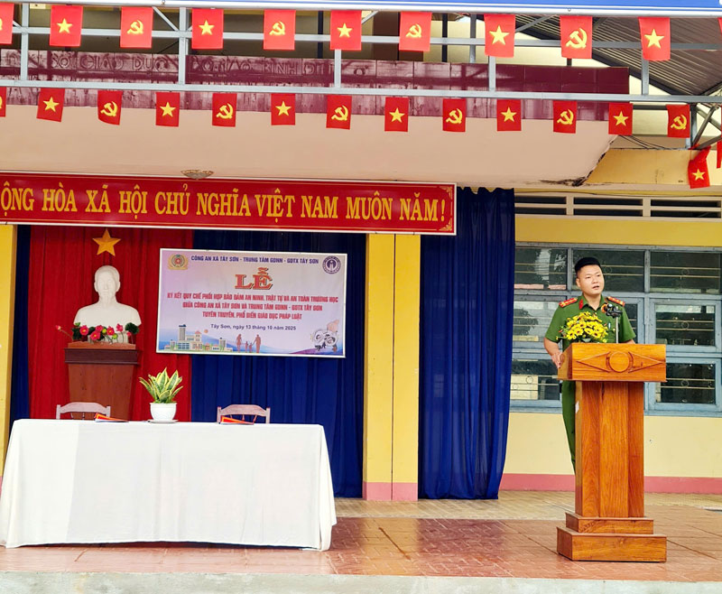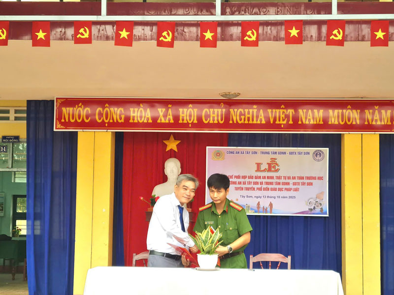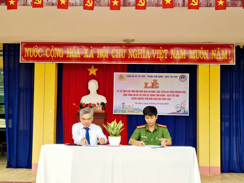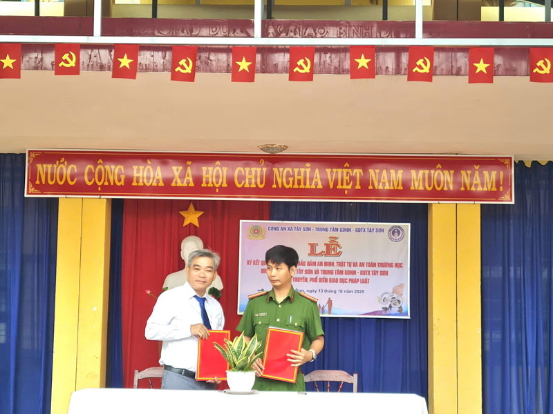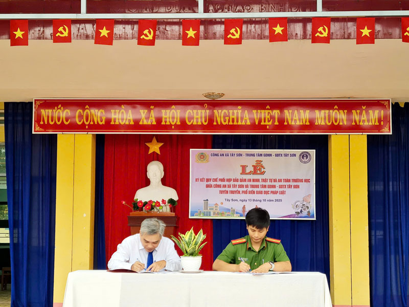 Ngày 13/10/2025, Trung tâm GDNN-GDTX Tây Sơn phối hợp cùng Công an xã Tây Sơn tổ chức Lễ ký kết Quy chế phối hợp trong công tác đảm bảo an toàn trường học, an ninh trật tự và phòng, chống tội phạm, tệ nạn xã hội trong Trung tâm. Đây là một hoạt động có ý nghĩa thiết thực, thể hiện sự quan tâm sâu sắc của các cấp, các ngành, đặc biệt là lực lượng Công an, đối với công tác giáo dục thế hệ trẻ – những chủ nhân tương lai của đất nước.
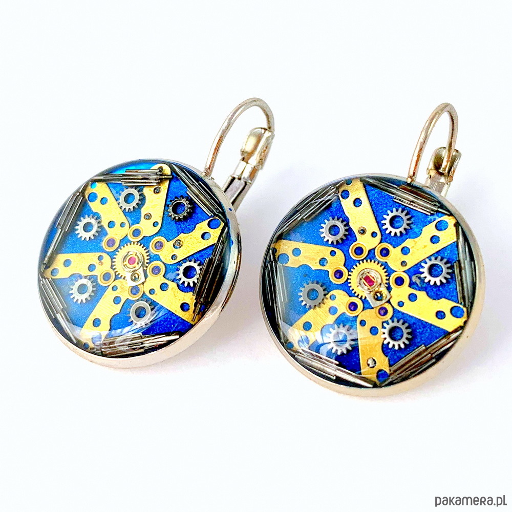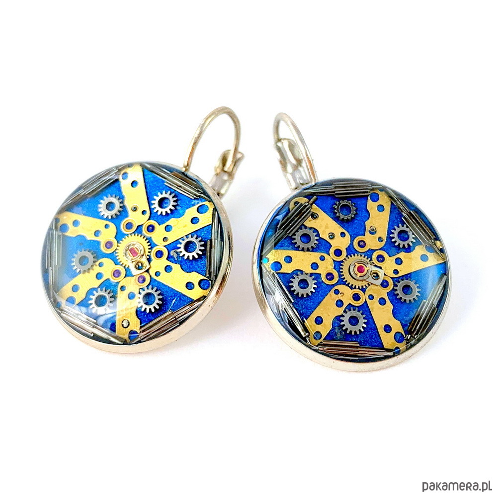 Przepiękne kolczyki, wykonane ręcznie z elementów starych zegarków zatopionych w żywicy. Każda para jest unikalna i niepowtarzalna.
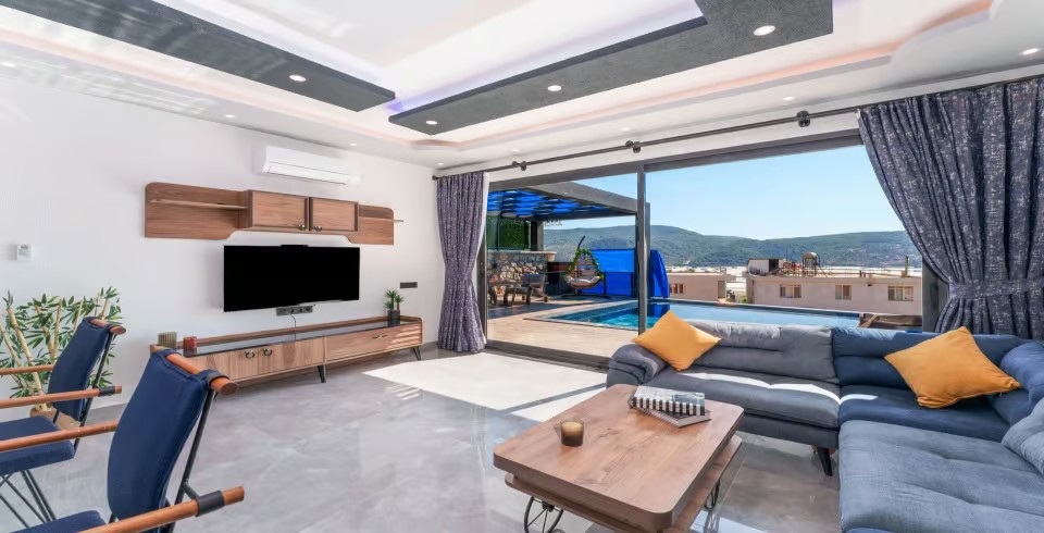 Salon : Kiralık villamızın salonunda oturma grubu, TV, uydu, internet, DVD, sehpa bulunmaktadır.
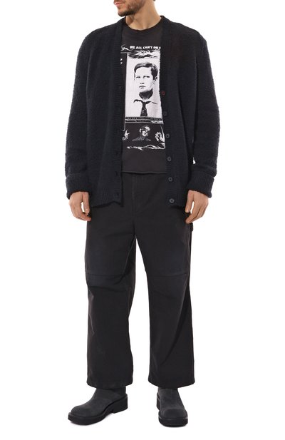 Кардиган с V-образным вырезом выполнили из тонкой шерсти. Модель с бархатистыми вставками–заплатами на локтях декорировали на спинке четырьмя фирменными белыми стежками.
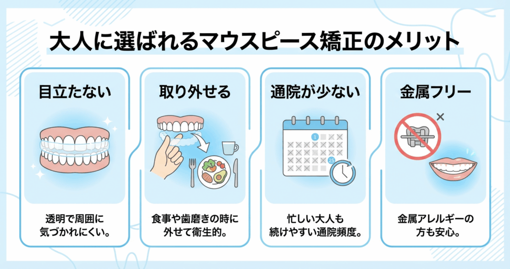 仕事や家庭に追われる毎日。矯正治療というと「目立つ」「面倒くさそう」というイメージが先行しがちです。けれどマウスピース矯正には、そんな不安を和らげてくれる特長がいくつも備わっています。
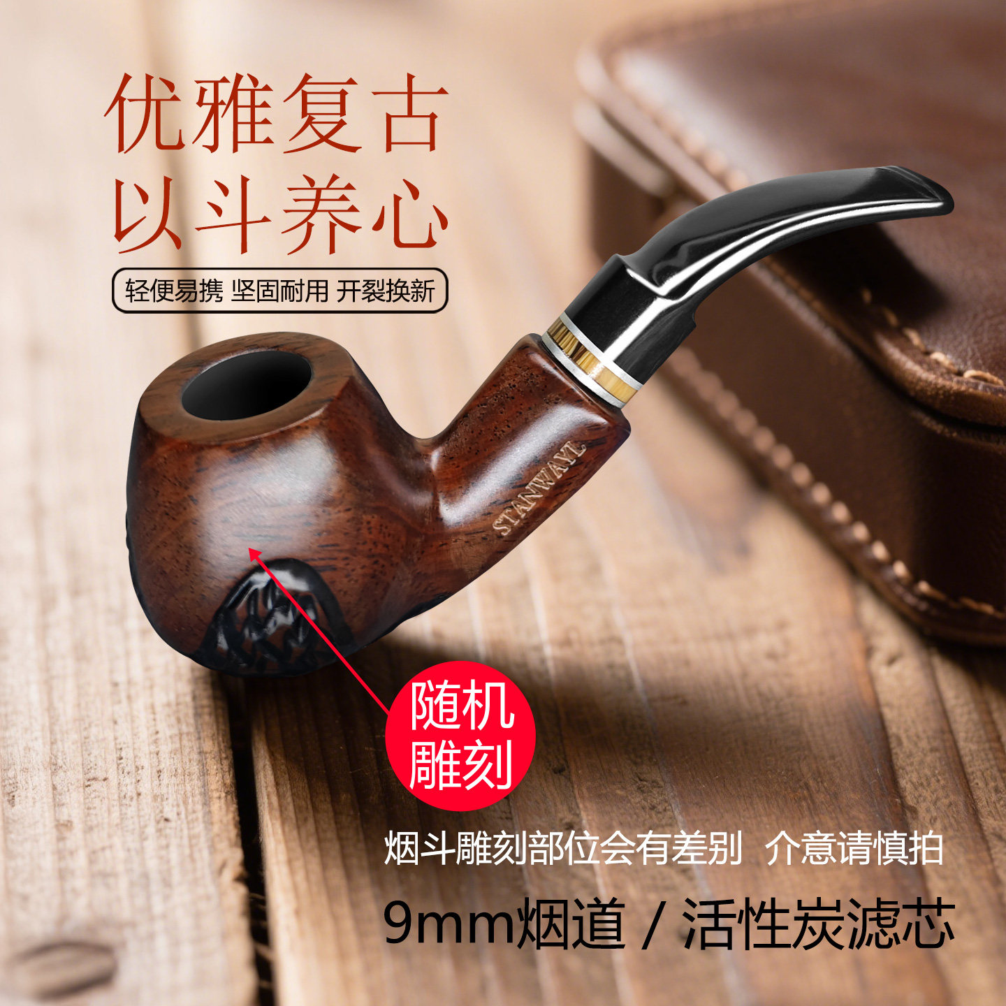 英国进口随身斗实木烟斗男士手工石楠木老式旱烟锅过滤斗直式烟具
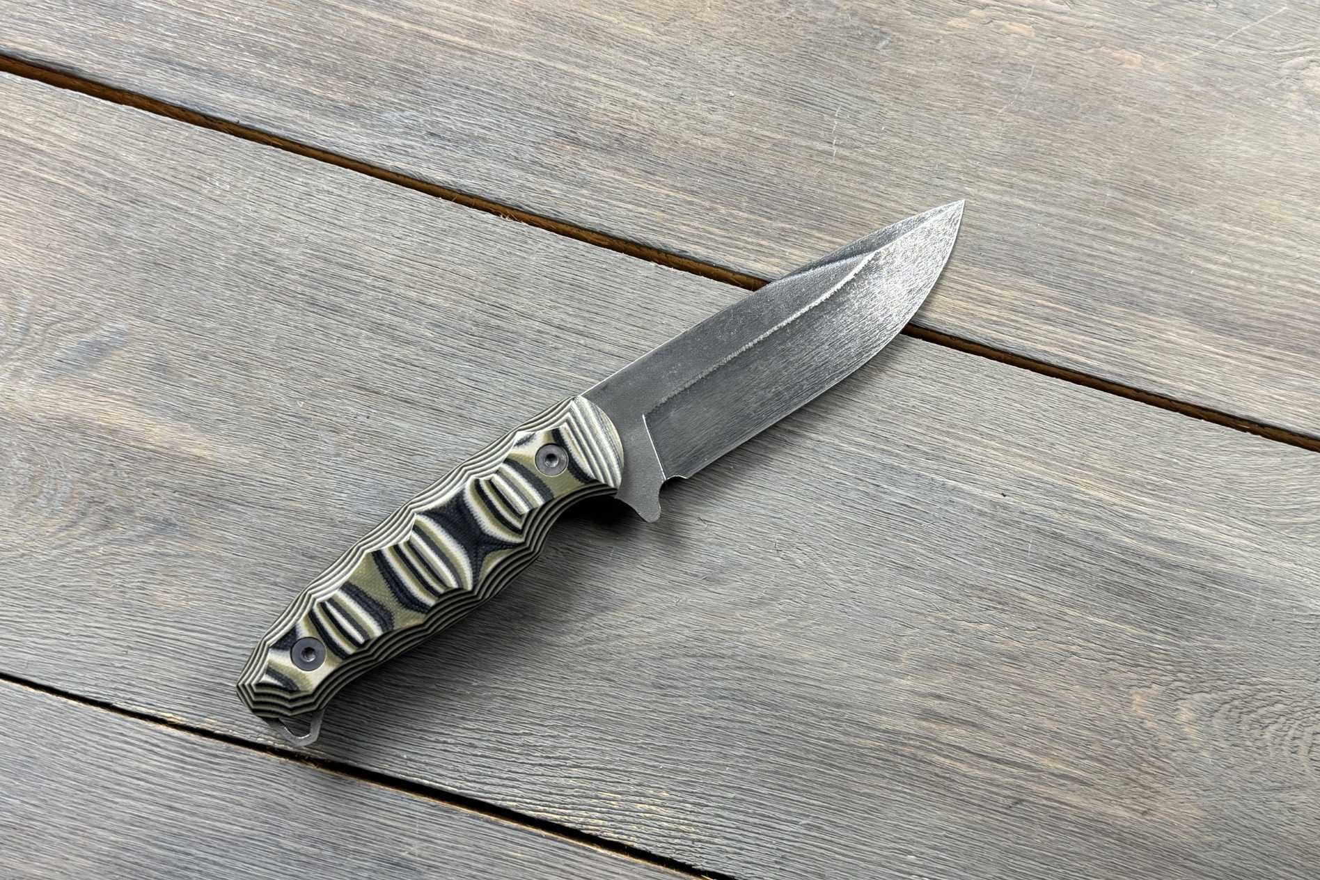 Руків’я ножа виготовлене з G10 — композитного матеріалу, який відомий міцністю, стабільністю та стійкістю до вологи.
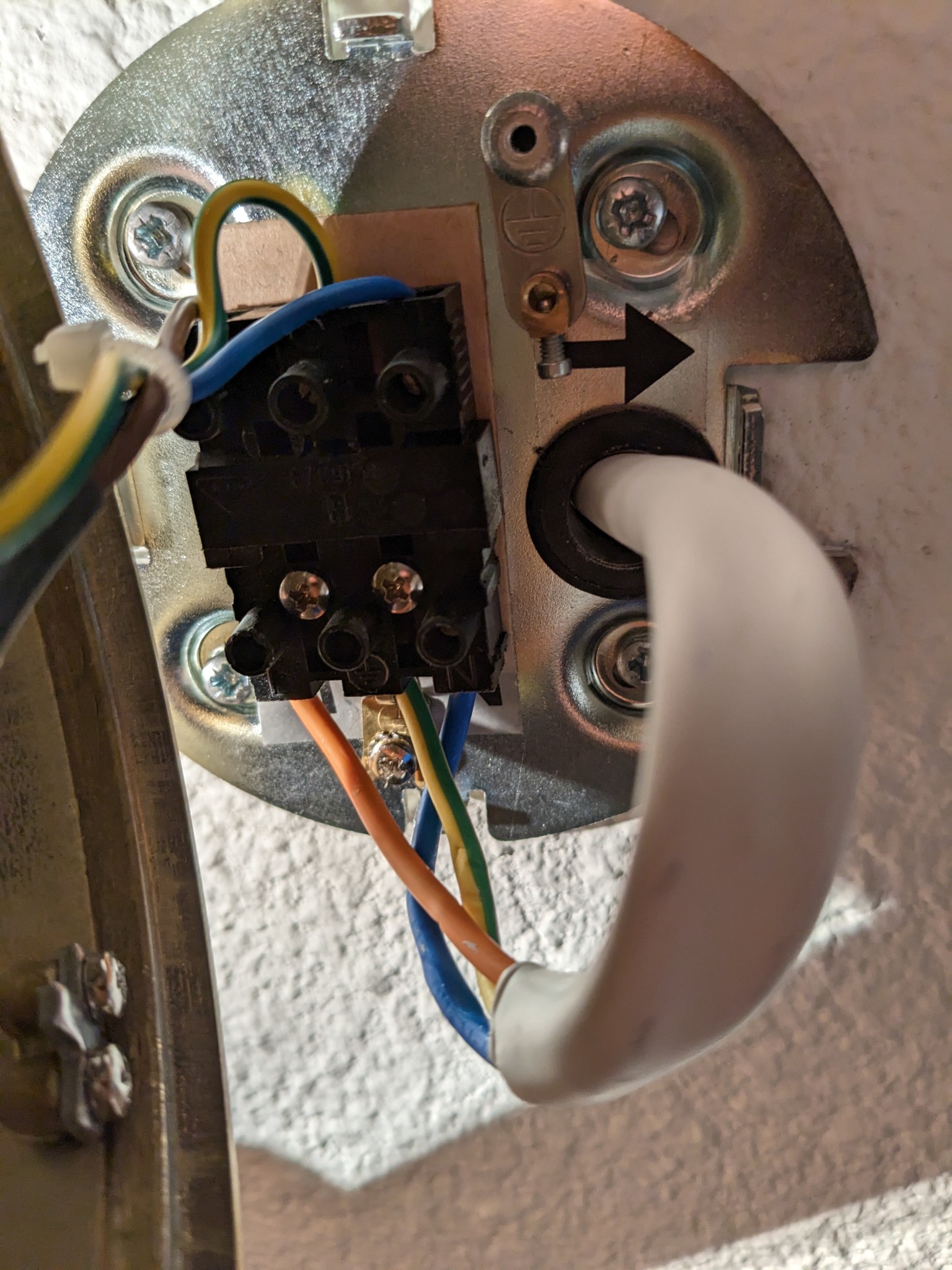 3. På andra sidan i armaturen, i koppen har vi 3 kablar. Blå, brun till lampan och en gröngul som är skruvad i höljet (koppen) ej samma som ovan
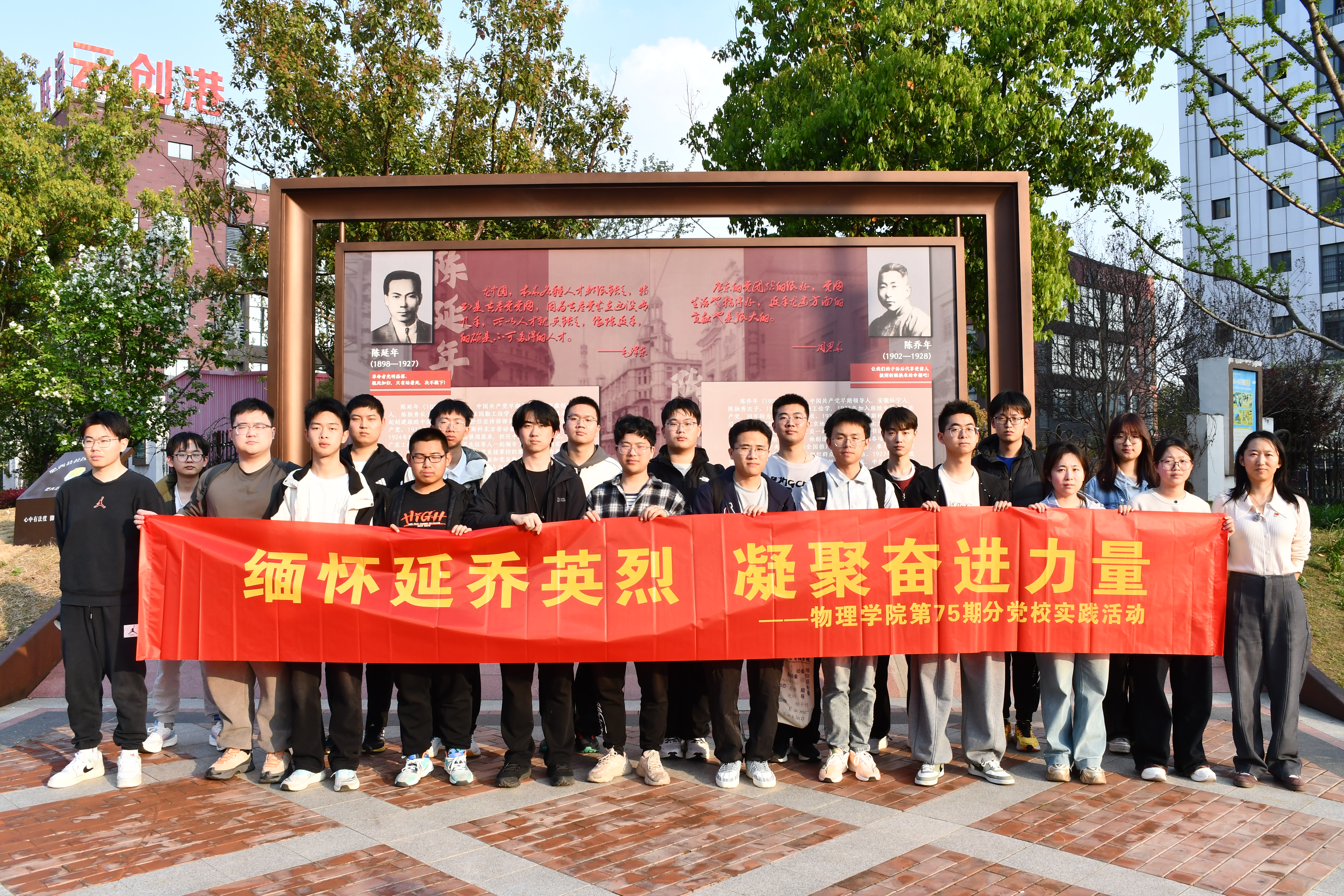在“延乔兄弟生平景墙”前,学院团委书记陶候老师以《青年的选择——从他们牺牲时的年龄讲起》为题,为同学们讲授了一堂生动的微党课。她从两位烈士牺牲时的年龄切入,阐述了陈延年、陈乔年在青年时期为信仰奋斗终身的事迹,勉励同学们以先烈为楷模,坚定理想信念,在新时代征程中书写自身的奋斗篇章。
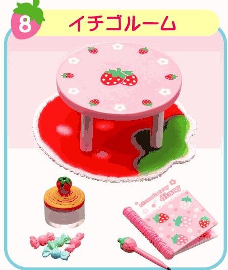 Keywords: Re-ment, Rement, Japanese Toys, Miniatures, Dollhouse, Doll House, Puchi, Mini, Welcome to My Strawberry House, Furniture, Stationery, Round Table, Diary, Book, Candy, Mat, Pen, Container, Rug.
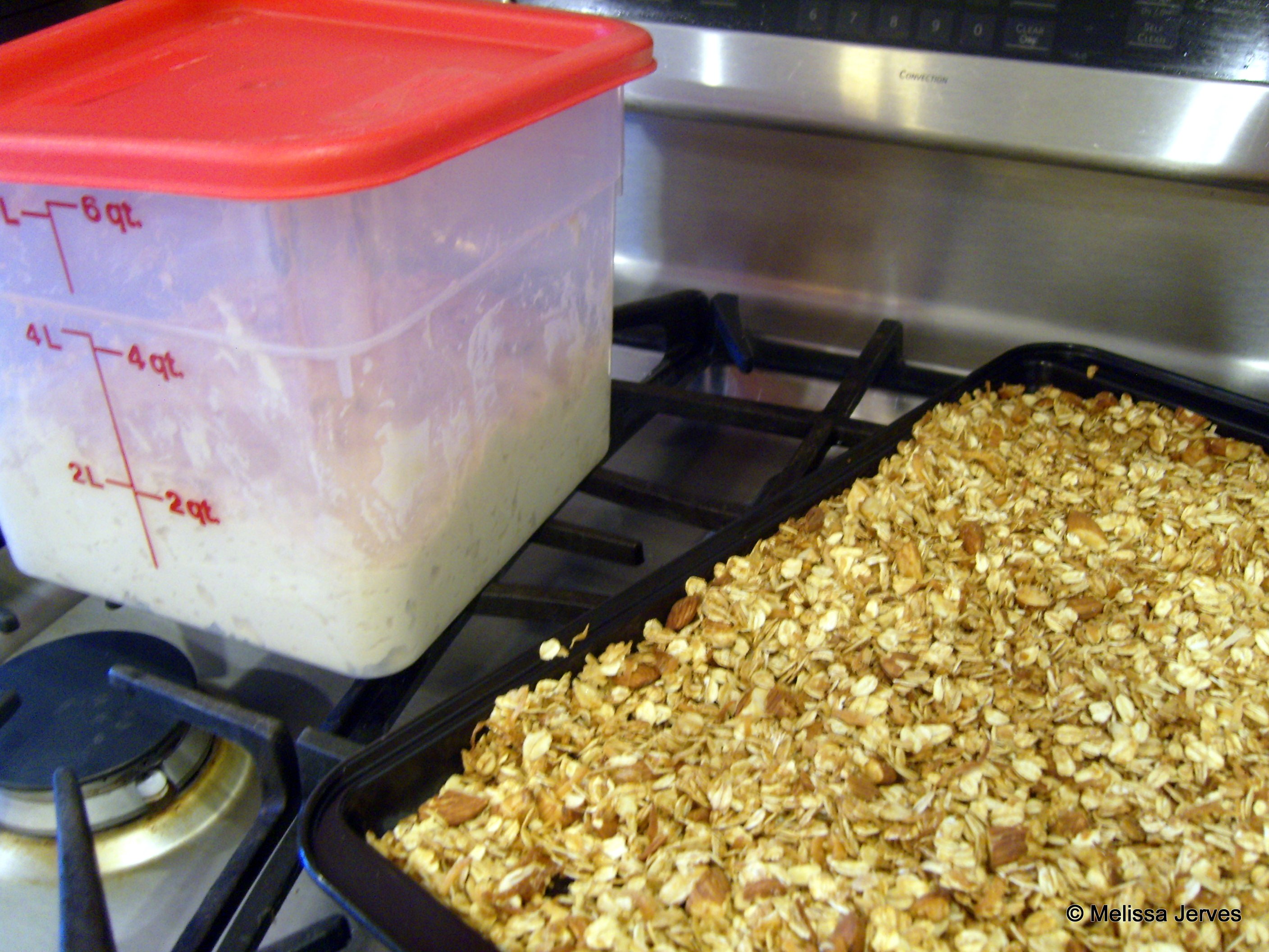 I think it must have been that aroma that spurred me to stay in the kitchen and mix up a batch of buttermilk bread dough (that, and realizing that there is but a single slice of bread left in the cupboard), and some chocolate granola (which I fully intend to hoard). Little Four kept himself busy in the basement all afternoon with playdough and some vintage Muppet Show (especially the Joel Grey episode). It was late in the day before I got to the dirty dishes, but by that time I was scraping every last cake crumb and drop of cherry preserves off my plate.

● ● ● ● ● ● ●

■ PROBLEM TO SOLVE:
Write out the lines of the entries above exactly, beginning with the first and ending with the line that contains "Руків’я ножа виготовлене". No picture goes in.

■ EXERCISE ANSWER:
 Ngày 13/10/2025, Trung tâm GDNN-GDTX Tây Sơn phối hợp cùng Công an xã Tây Sơn tổ chức Lễ ký kết Quy chế phối hợp trong công tác đảm bảo an toàn trường học, an ninh trật tự và phòng, chống tội phạm, tệ nạn xã hội trong Trung tâm. Đây là một hoạt động có ý nghĩa thiết thực, thể hiện sự quan tâm sâu sắc của các cấp, các ngành, đặc biệt là lực lượng Công an, đối với công tác giáo dục thế hệ trẻ – những chủ nhân tương lai của đất nước.
 Przepiękne kolczyki, wykonane ręcznie z elementów starych zegarków zatopionych w żywicy. Każda para jest unikalna i niepowtarzalna.
 Salon : Kiralık villamızın salonunda oturma grubu, TV, uydu, internet, DVD, sehpa bulunmaktadır.
 Кардиган с V-образным вырезом выполнили из тонкой шерсти. Модель с бархатистыми вставками–заплатами на локтях декорировали на спинке четырьмя фирменными белыми стежками.
 仕事や家庭に追われる毎日。矯正治療というと「目立つ」「面倒くさそう」というイメージが先行しがちです。けれどマウスピース矯正には、そんな不安を和らげてくれる特長がいくつも備わっています。
 英国进口随身斗实木烟斗男士手工石楠木老式旱烟锅过滤斗直式烟具
 Руків’я ножа виготовлене з G10 — композитного матеріалу, який відомий міцністю, стабільністю та стійкістю до вологи.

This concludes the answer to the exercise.